Aplicar Retroatividade ou Irretroatividade a uma lei significa afirmar que esta estaria, necessariamente, a provocar mudança em algum caso concreto julgado ou em julgamento. Ou, no direito tributário, assegurar ao contribuinte segurança em face dos insaciáveis governos ávidos por mais tributos.

Não há, pelas razões expostas, portanto, que se chamar a enfrentar a Lei da Ficha Limpa os Princípios da Retroatividade e da Irretroatividade.

Como dissemos no artigo anterior, por foça de uma Ação Declaratória de Constitucionalidade (ADC) proposta pelo Partido Popular Socialista – PPS, e agora por outra da OAB Federal, o Supremo há de decidir pela constitucionalidade ou não da Ficha Limpa, antes que se inicie o processo eleitoral de 2012, tornando claro o seu alcance.

Um comentário:

  1. Luiz Claudio da Cunha Almeida13 de setembro de 2011 às 09:12

    mais amigo, vocÊ diz nao se tratar de penal, mais vocÊ nao acha que ao impedir uma candidatura nao seria uma especie de pena? uma sanção proibitiva?

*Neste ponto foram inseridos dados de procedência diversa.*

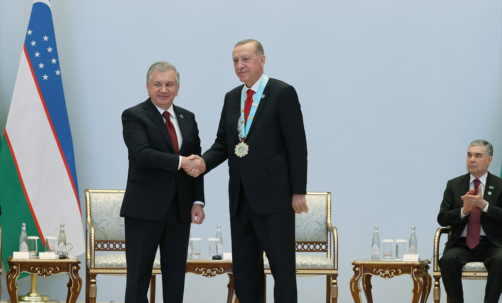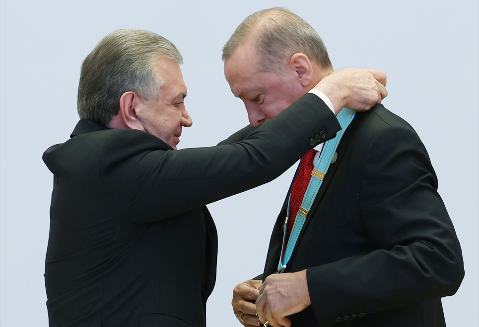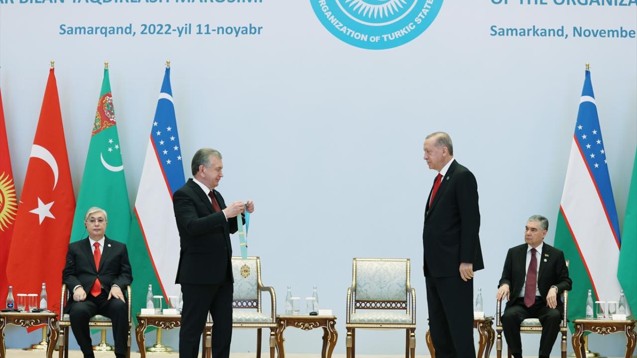 Cumhurbaşkanı Recep Tayyip Erdoğan'a, Özbekistan'ın Semerkant şehrinde, Türk dünyasına hizmetlerinden dolayı "Türk Dünyası Ali Nişanı" tevcih edildi. Erdoğan, "Ebedi Şehir" Kongre Merkezi'nde düzenlenen tören öncesinde Özbekistan Cumhurbaşkanı Şevket Mirziyoyev, Azerbaycan Cumhurbaşkanı İlham Aliyev ve Macaristan Başbakanı Viktor Orban ile sohbet etti.

    mesmo você colocando como seleção, condição, mas você acha realmente e criticamente, que sai totalmente do contesto de uma pena?


    bom amigo, eu acho que pelo principio de justiça, deve-se passar a valer a partir de agora! não se deve jamais condenar alguem a algo, que antes num existia, que ele num tinha conhecimento de que ocasionaria tal fato!

    é como se, por exemplo, hoje você joga futebol, e sem querer se envolveu numa briga com um bebado onde foi indiciado por lesão corporal, ai daqui a uns 3 anos vem uma lei proferindo que quem possuir a ficha com algum delito será banido do esporte... seria justo, você ser banido do esporte, por causa de coisa que antes num fazia a menor diferença? ou seria justo passar a valer a partir dali?



    quero deixar claro que nao sou politico, só acho que quem decide é a população! a midia pode alertar "olha esse cara tem isso e aquilo na ficha" mas impedi-lo de exercer aquilo que talvez é seu sonho, sua realização pessoal... axo um absurdo


    sou estudante do 3º período de Direito do UBM de Barra Mansa,

    um abraço, e está de parabens pelo blog!